心に深く、優しく触れていく救済の物語

名古屋を舞台に探偵事務所で助手としてバイトしている高校生、服部朔が探偵である樹神皓志郎のお手伝いをしながら、依頼を解決していく…というお話です。
このお話は先ず、ご当地ご飯にやられます。とても、美味しそうなんです。怪異という不穏な気配がありながらも、とにかく、ご飯の描写にお腹が空いてしまうのです。
同時にこの物語は怪異に誘われるように深く入り込み、のめり込んでしまう魅力があります。
そして登場人物が皆様、素敵です。
服部君は応援したくなりますし、樹神先生の安心感が半端ないです。その為に安心して物語を読み進めることが出来るのです。
共感応を持つ為に苦労してきた服部君を導く樹神先生と百花さんの二人のやり取りも素敵です。三人がそれぞれの能力を合わせて進む物語は点と点がひとつとなって、最後に服部君の抱えていたものへと着地します。

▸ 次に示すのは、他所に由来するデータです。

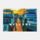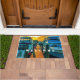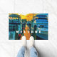 Dieses Doormat zeigt ein Originalfoto von ZoeSPEAK von einem Sonnenuntergang über dem Hafen. Der Holzsteg zwischen zwei Booten wird von der Sonne beleuchtet und sieht fast so gelb orange aus wie der Himmel. Die beiden Boote sind im Schatten, in bläulichen Weiß gehalten, und bilden eine beruhigende Szene in komplementären Farben. Es gibt Text lesen "WELCOME", das ist Set für Sie zu personalisieren, oder zu löschen, wenn Sie es vorziehen.
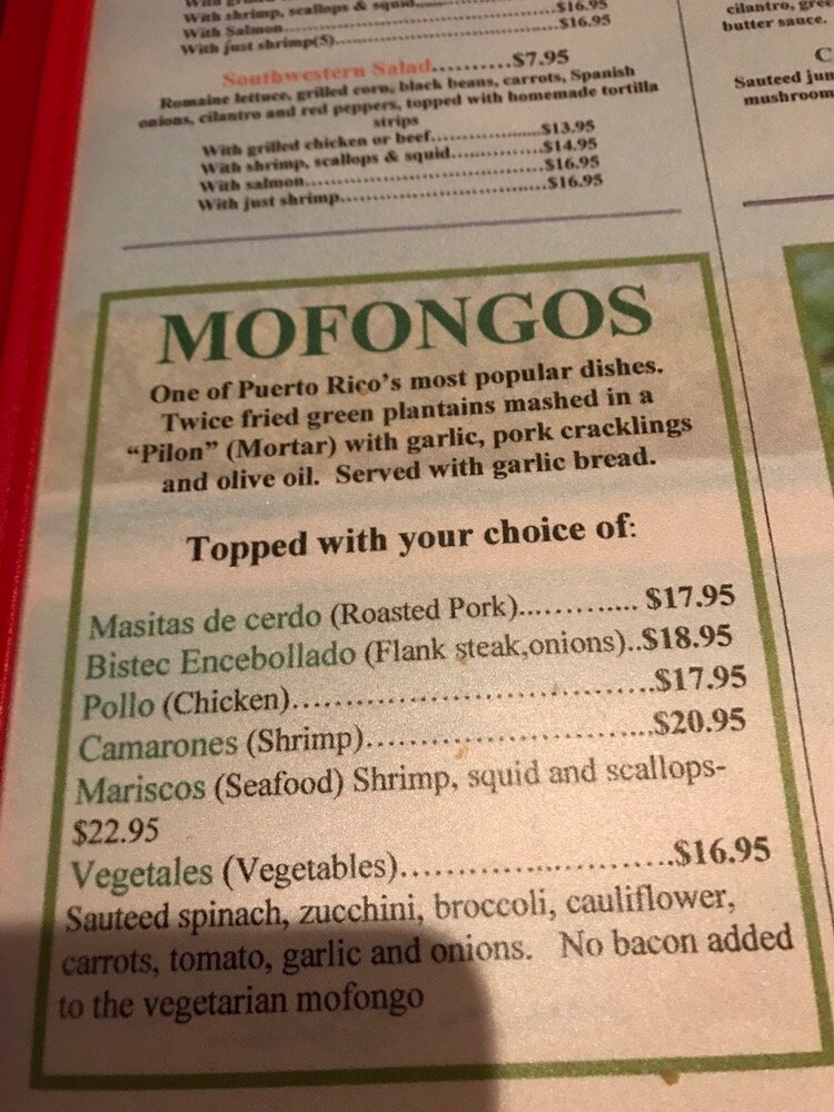 Sauteed spinach, zucchini, squash, broccoli, cauliflower, carrot, tomato, garlic and onions. No bacon added to the vegetarian mofongo

零和の今尚、生きる怪異は人間の哀しさが作るものとして、切なくもどこか心地の良い余韻を残して解決していきます。
それでも、どこかやりきれない思いや、背けたくなるような、人間の心が描かれていて、その度に出てくる登場人物達に思いを馳せてしまいます。

また、彼らに会いたくなる。そう思わせる心地よさもある物語です。